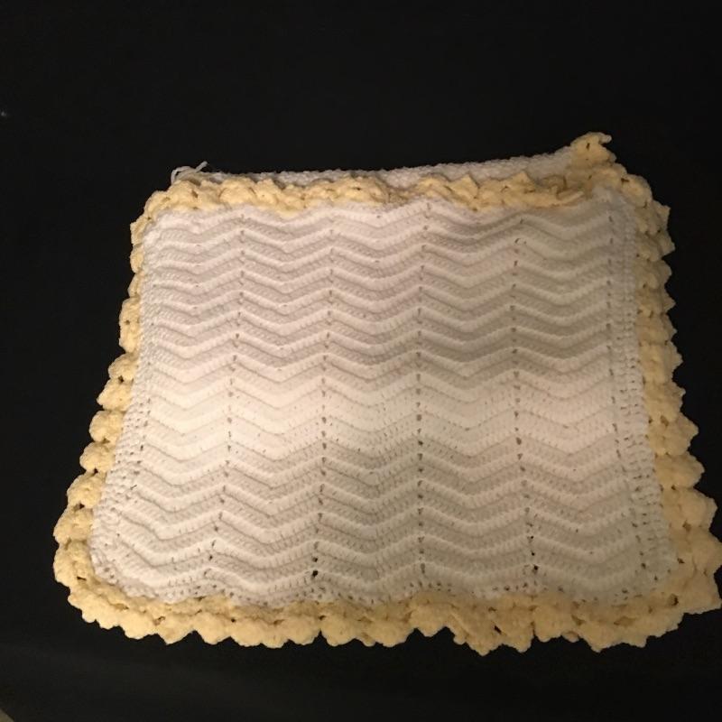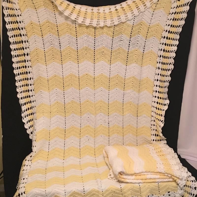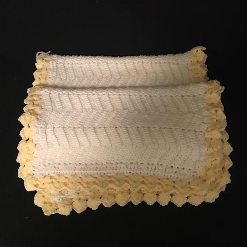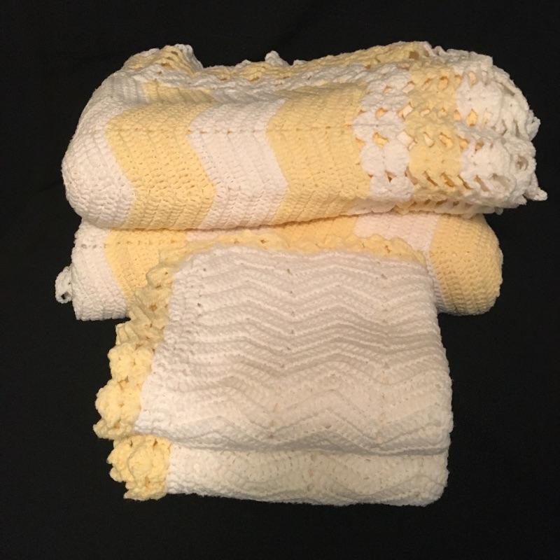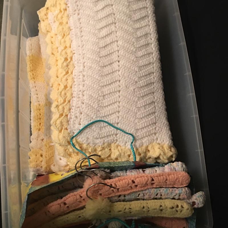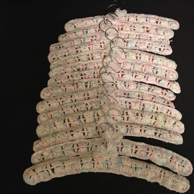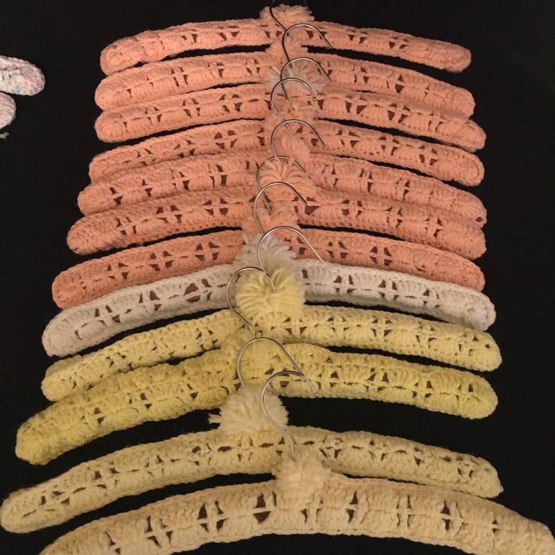 Pair of crochet twin coverlets, two matching shams and twenty six wooden hangers with crochet covers in a variety of colors. Coverlets are a gentle yellow and cream color.
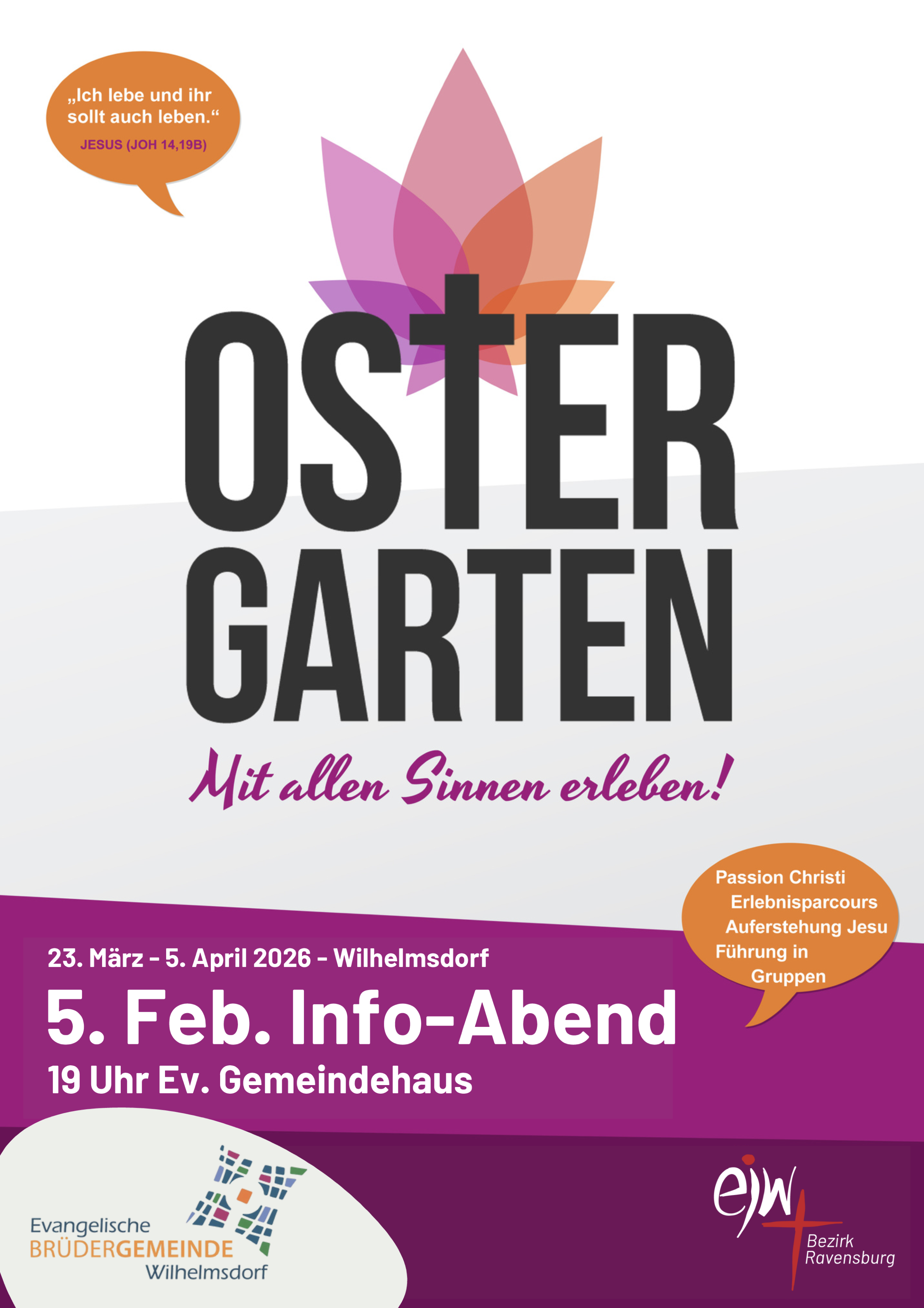 Ostergarten zu Gast in Wilhelmsdorf. Ostern einmal anders erleben, nämlich fühlen, schmecken, hören sehen - das verspricht der Ostergarten, der 2026 in der Ev. Büdergemeinde Wilhelmsdorf zu Gast ist.
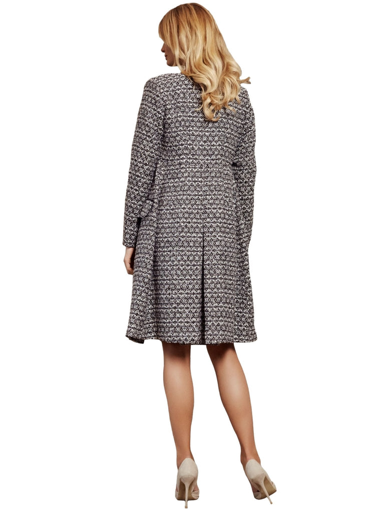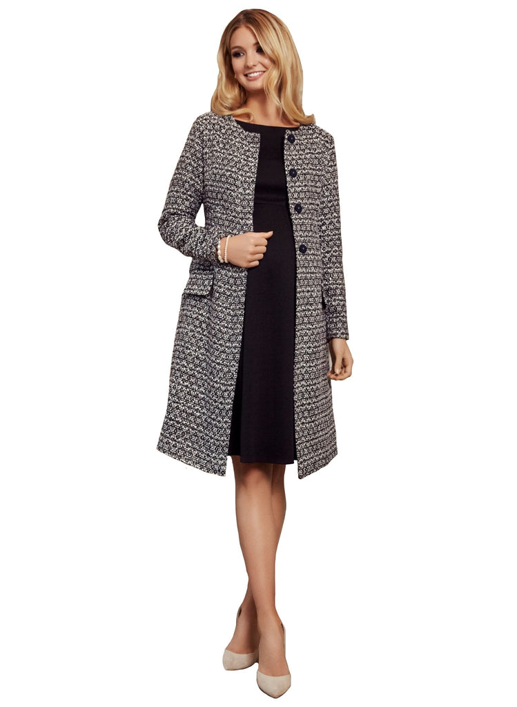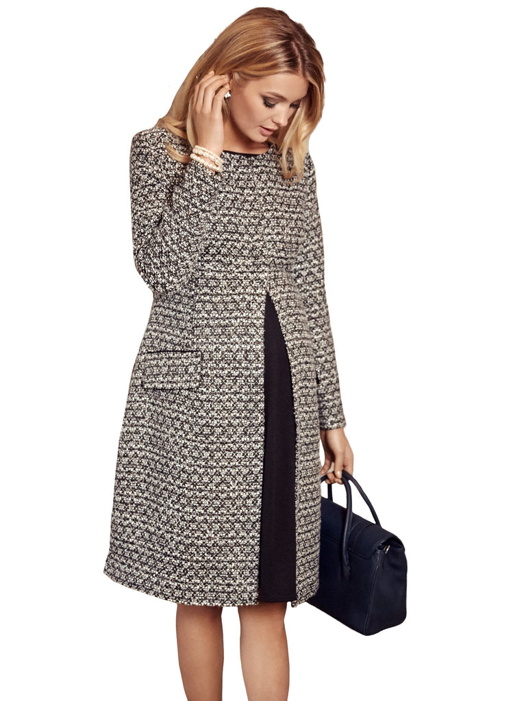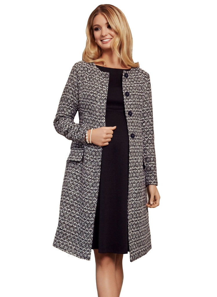 Cut a demure dash in this chic collarless coat that exudes easy style. Verity is uniquely glamorous, tailored for the perfect fit with bust darts and pleated back panels to slip over all of our maternity dresses.

────────────────────────────────────────

Assigned task
Your task is to set down each line above verbatim while excluding the pictures.

Result of this exercise
 Pair of crochet twin coverlets, two matching shams and twenty six wooden hangers with crochet covers in a variety of colors. Coverlets are a gentle yellow and cream color.
 Ostergarten zu Gast in Wilhelmsdorf. Ostern einmal anders erleben, nämlich fühlen, schmecken, hören sehen - das verspricht der Ostergarten, der 2026 in der Ev. Büdergemeinde Wilhelmsdorf zu Gast ist.
 Cut a demure dash in this chic collarless coat that exudes easy style. Verity is uniquely glamorous, tailored for the perfect fit with bust darts and pleated back panels to slip over all of our maternity dresses.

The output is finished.